- _Directions for this task_
Every line of the listing should be retyped exactly, but none of the pictures should be.

- _Data section_
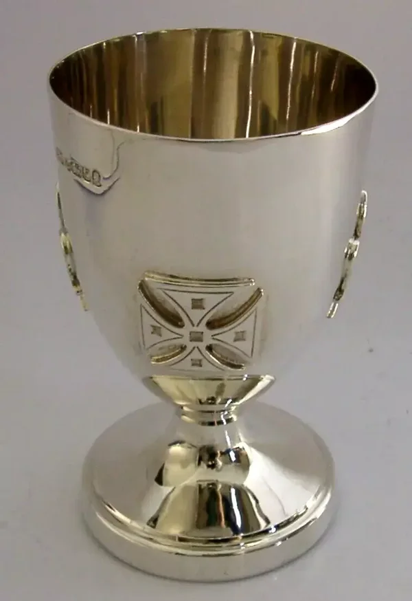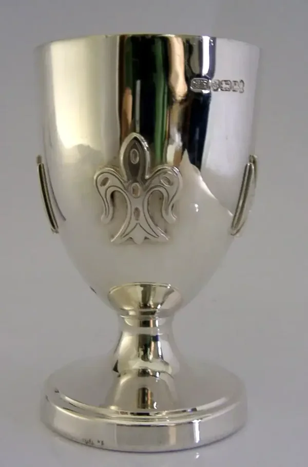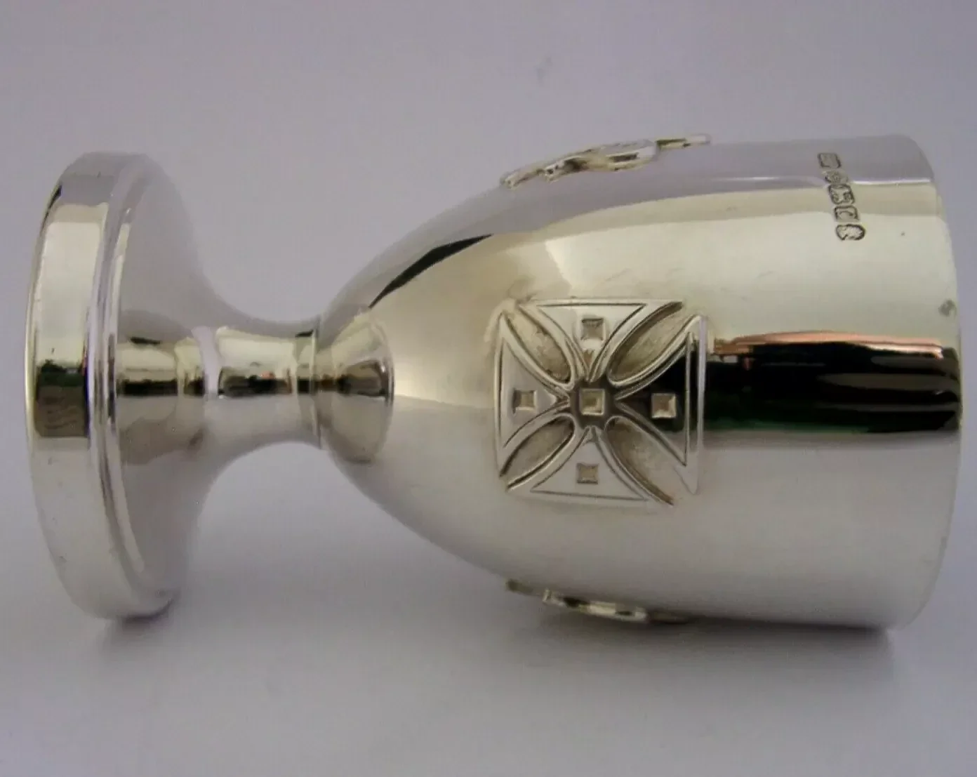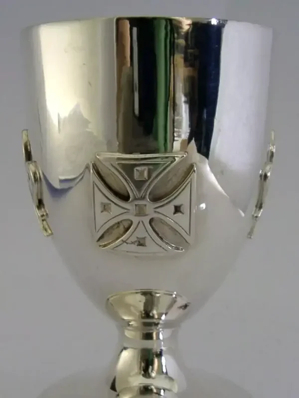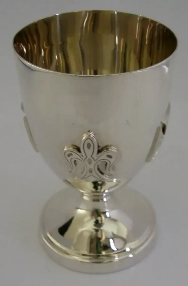 A beautiful English solid sterling silver chalice. It is hallmarked for Sheffield 1977 with the maker being EHP. It has been superbly designed being decorated with applied Knights Templar style crosses and fleur-de-lys. It is in superb condition being free from dings splits distortions and repairs, (it does rock on its base slightly). It measures approx. 4.5 inches (11.1cm) tall by almost 3 inches (7cm) across the rim and weighs 157 grams. A very good quality well made piece.
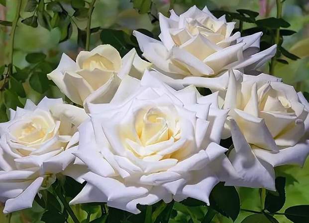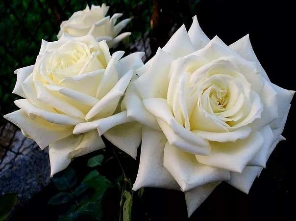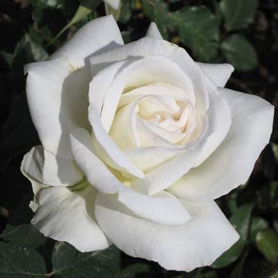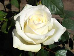 Роза чайно-гибридная Polarstern (Поларштерн). Бутон кремовый, либо цвета слоновой кости. В полураскрытом цветке в центре виден лимонный оттенок, но полностью раскрывшийся цветок сияющего белого цвета. Цветки густомахровые, лепестки изящно отгибаются вниз. Они очень плотные, так что сорт устойчив к дождю, бутон округлый и медленно раскрывается.
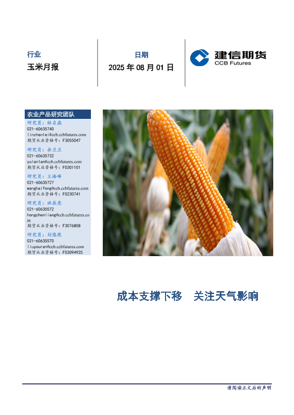 【建信期货】【20250801】玉米月报_成本支撑下移_关注天气影响-16页
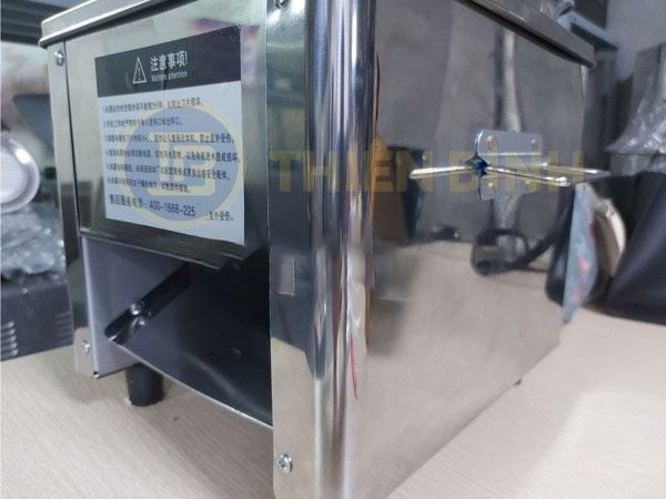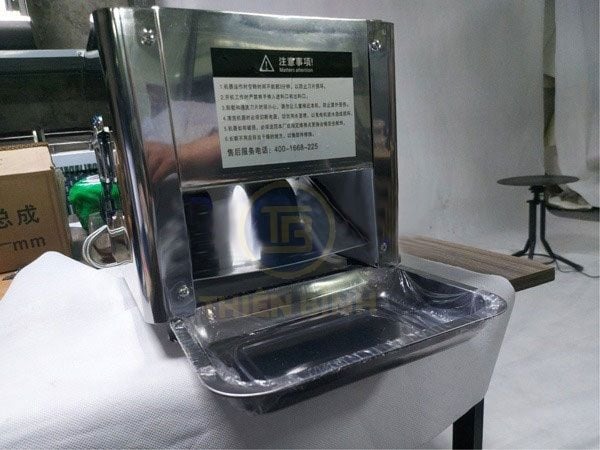 - Thịt sau khi thái sẽ rơi xuống qua máng dốc phía trước vào khay đựng đặt bên dưới, chiều cao khay hợp lý giúp hứng thịt gọn gàng, không rơi vãi.

- _Output for this task_
 A beautiful English solid sterling silver chalice. It is hallmarked for Sheffield 1977 with the maker being EHP. It has been superbly designed being decorated with applied Knights Templar style crosses and fleur-de-lys. It is in superb condition being free from dings splits distortions and repairs, (it does rock on its base slightly). It measures approx. 4.5 inches (11.1cm) tall by almost 3 inches (7cm) across the rim and weighs 157 grams. A very good quality well made piece.
 Роза чайно-гибридная Polarstern (Поларштерн). Бутон кремовый, либо цвета слоновой кости. В полураскрытом цветке в центре виден лимонный оттенок, но полностью раскрывшийся цветок сияющего белого цвета. Цветки густомахровые, лепестки изящно отгибаются вниз. Они очень плотные, так что сорт устойчив к дождю, бутон округлый и медленно раскрывается.
 【建信期货】【20250801】玉米月报_成本支撑下移_关注天气影响-16页
 - Thịt sau khi thái sẽ rơi xuống qua máng dốc phía trước vào khay đựng đặt bên dưới, chiều cao khay hợp lý giúp hứng thịt gọn gàng, không rơi vãi.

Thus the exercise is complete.